Generate \(U(a, b)\) from \(U(0, 1)\)

  • Transformation: \[ y = a + (b-a)x \]

Check:

a <- 2
b <- 4
hist(runif(1000, a, b))

hist(a + (b - a) * runif(1000), prob = TRUE, col = "turquoise1", las = 1)

  • We can check that the density is the same by PDF or by CDF equality.

Density Transformation

  • For \(x\) in \(\mathbb{R}^n\): \[ y = g(x) \text{ needs to be 1-to-1} \] \[ \frac{dx}{dy} = \text{Jacobian} = \frac{g^{-1}(y)}{dy} \] \[ f_Y(y) = f_X(g^{-1}(y)) \left| \frac{dx}{dy} \right| \]

Inverse Transform Method

  • Let \(X\) be a continuous random variable with CDF \(F_X\) (assume for simplicity \(F_X\) is strictly increasing).

    \[ F_X(X) \sim U(0,1) \]

Proof: - CDF of \(U(0,1)\) is \(F_U(u) = u\) \[ P(F_X(X) \leq u) = P(X \leq F_X^{-1}(u)) = F_X(F_X^{-1}(u)) = u \]

Method: - Generate random uniform \(U \sim U(0,1)\). - Set \(X = F_X^{-1}(U)\).

  • Algorithm only works if we can obtain \(F^{-1}\).
  • Generated \(X\) has a CDF \(F_X\): \[ P(X \leq x) = P(F_X^{-1}(U) \leq x) = P(U \leq F_X(x)) = F_X(x) \]
  • This also works for a non-strictly increasing CDF if we define the quantile with an infimum.

Example: Generate from density \(3x^2\) for \(x\) in \([0, 1]\). - \(F_X = x^3\) - \(x = F_X^{-1}(u)\) - \(x = u^{1/3}\)

Code:

n <- 1000
u <- runif(n)
x <- u^(1 / 3)
hist(x, prob = TRUE, las = 1)
y <- seq(0, 1, 0.1)
lines(y, 3 * y^2, lwd = 2, add = T)
Warning in plot.xy(xy.coords(x, y), type = type, ...): "add" is not a graphical
parameter

Exponential Example

  • \(f_X = \lambda e^{-\lambda x}\) for \(x\) in \([0, \infty)\).
  • \(F_X(x) = 1 - e^{-\lambda x}\)
  • \(F(x) = u\)
  • \(x = -\log(1 - u) / \lambda\)

Algorithm:

n <- 1000
lambda <- 1
u <- runif(n)
x <- -log(1 - u) / lambda

hist(x, prob = TRUE)

Note: In practice, \(1 - u\) is often used to avoid issues with \(u = 0\).

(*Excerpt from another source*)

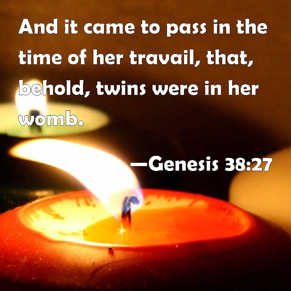 Choose a Background Genesis 38:27 And it came to pass in the time of her travail, that, behold, twins were in her womb. KJV: And it came to pass in the time of her travail, that, behold, twins were in her womb. DRB: And when she was ready to be brought to bed, there appeared twins in her womb: and in the very delivery of the infants, one put forth a hand, whereon the midwife tied a scarlet thread, saying: DBT: And it came to pass at the time of her delivery, that behold, twins were in her womb. ERV: And it came to pass in the time of her travail, that, behold, twins were in her womb. WBT: And it came to pass in the time of her travail, that behold, twins were in her womb. WEB: It happened in the time of her travail, that behold, twins were in her womb. YLT: And it cometh to pass in the time of her bearing, that lo, twins are in her womb;Links Genesis 38:27 NIV • Genesis 38:27 NLT • Genesis 38:27 ESV • Genesis 38:27 NASB • Genesis 38:27 KJV • Genesis 38:27 Interlinear • Genesis 38:27 Commentaries • Genesis 38:27 Parallel Texts • Genesis 38:27 Bible Apps • Genesis 38:27 Parallel • Bible Hub |
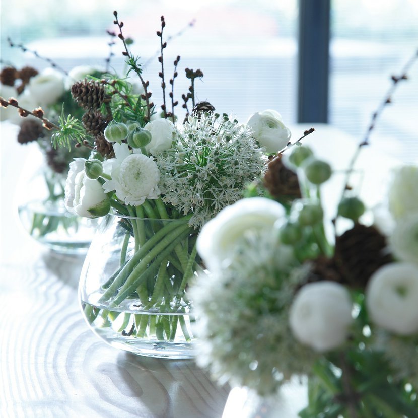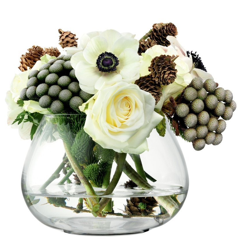 Flower skleněná váza pro aranžmá na stůl čirá, v.11.5cm, LSA, Handmade

Inverse Transform Method for Discrete Random Variables

  • Let \(X\) be a discrete random variable with \(x_{i-1} < x_i < x_{i+1}\), which are the points of discontinuity. \[ F_X^{-1}(u) = x_i \quad \text{where} \quad F_X(x_{i-1}) < u \leq F_X(x_i) \]

Algorithm: - Generate random uniform \(U \sim U(0,1)\). - Set \(X = x_i\) if \(F_X(x_{i-1}) < U \leq F_X(x_i)\).

Example: \(X\) Bernoulli(p) - \(P(X=0) = 1-p\) - \(P(X=1) = p\) - \(F(0) = 1-p\) - \(F(1) = 1\) \[ X = I(1-p < U \leq 1) = I(1-p < U) \]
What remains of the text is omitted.